* [PROBLEM REQUIREMENTS] Copy out the data below from the line containing "北新泾北排水系统位于上海市长宁区，为分流制强排系统，通过北新泾北泵站将雨水径流排入吴淞江-苏州河。该系统服务范围 3.5km 2" to the line containing "ตึกสมุดคตาร์ฟิลา", both lines included, with all images left out.

[DATA EXCERPTS]

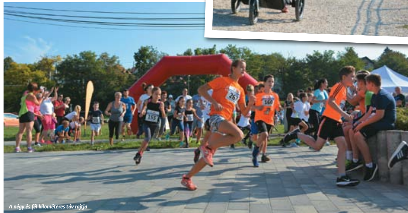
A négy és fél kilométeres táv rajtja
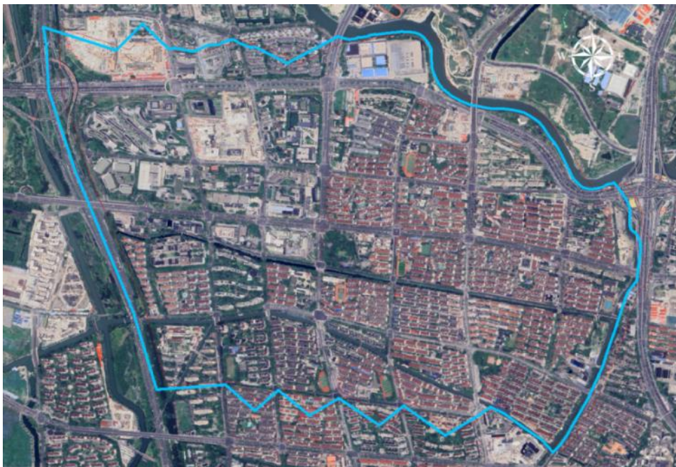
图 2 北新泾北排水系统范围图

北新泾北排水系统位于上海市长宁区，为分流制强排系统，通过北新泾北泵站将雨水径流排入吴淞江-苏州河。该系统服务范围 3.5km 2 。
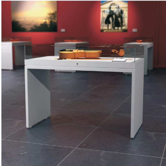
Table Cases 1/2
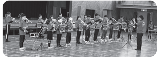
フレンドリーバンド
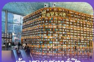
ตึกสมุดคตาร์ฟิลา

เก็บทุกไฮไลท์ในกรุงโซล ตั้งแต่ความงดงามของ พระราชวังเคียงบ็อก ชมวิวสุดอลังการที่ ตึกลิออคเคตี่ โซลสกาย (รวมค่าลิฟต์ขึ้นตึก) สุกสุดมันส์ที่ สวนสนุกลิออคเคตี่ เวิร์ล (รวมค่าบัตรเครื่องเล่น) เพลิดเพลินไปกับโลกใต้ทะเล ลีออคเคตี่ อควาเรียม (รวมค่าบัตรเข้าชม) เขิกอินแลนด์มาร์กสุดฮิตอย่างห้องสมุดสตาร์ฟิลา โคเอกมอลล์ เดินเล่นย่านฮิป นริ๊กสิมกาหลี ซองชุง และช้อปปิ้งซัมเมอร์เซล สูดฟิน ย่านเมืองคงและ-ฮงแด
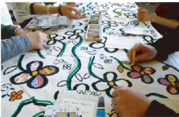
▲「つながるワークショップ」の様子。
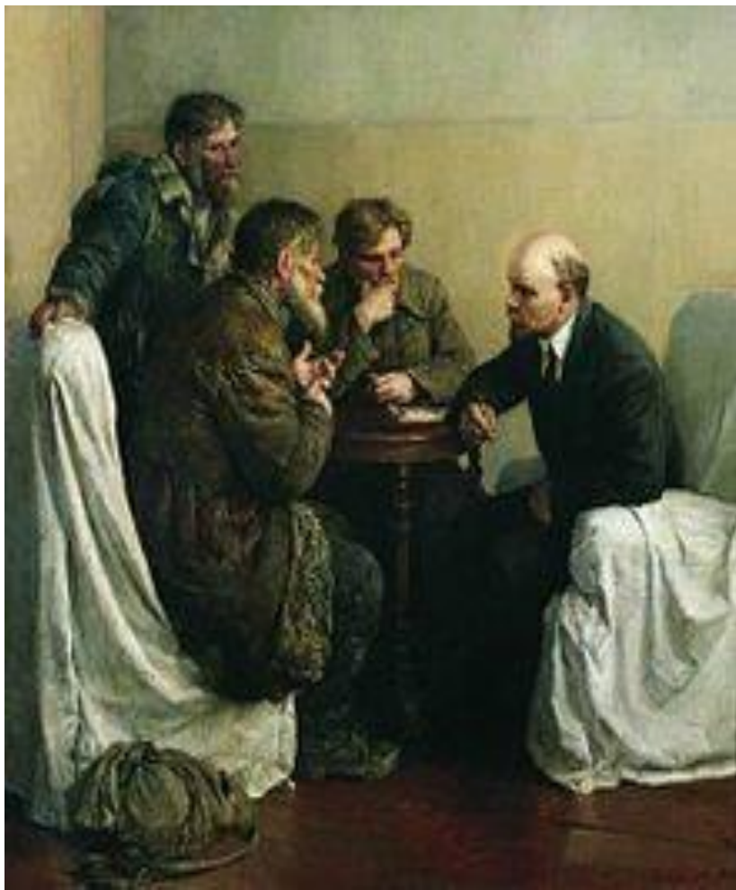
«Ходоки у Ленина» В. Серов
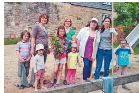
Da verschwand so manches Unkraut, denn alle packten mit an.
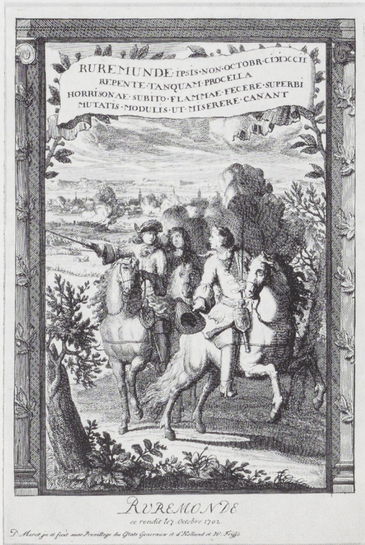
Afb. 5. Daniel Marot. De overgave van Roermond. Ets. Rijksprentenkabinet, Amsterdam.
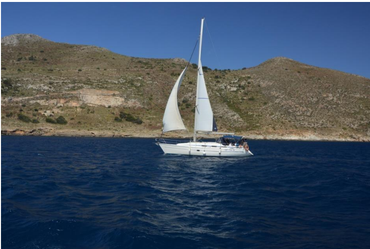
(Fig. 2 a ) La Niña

[/DATA EXCERPTS]

* [RESULT OF THE EXERCISE]
北新泾北排水系统位于上海市长宁区，为分流制强排系统，通过北新泾北泵站将雨水径流排入吴淞江-苏州河。该系统服务范围 3.5km 2 。
Table Cases 1/2
フレンドリーバンド
ตึกสมุดคตาร์ฟิลา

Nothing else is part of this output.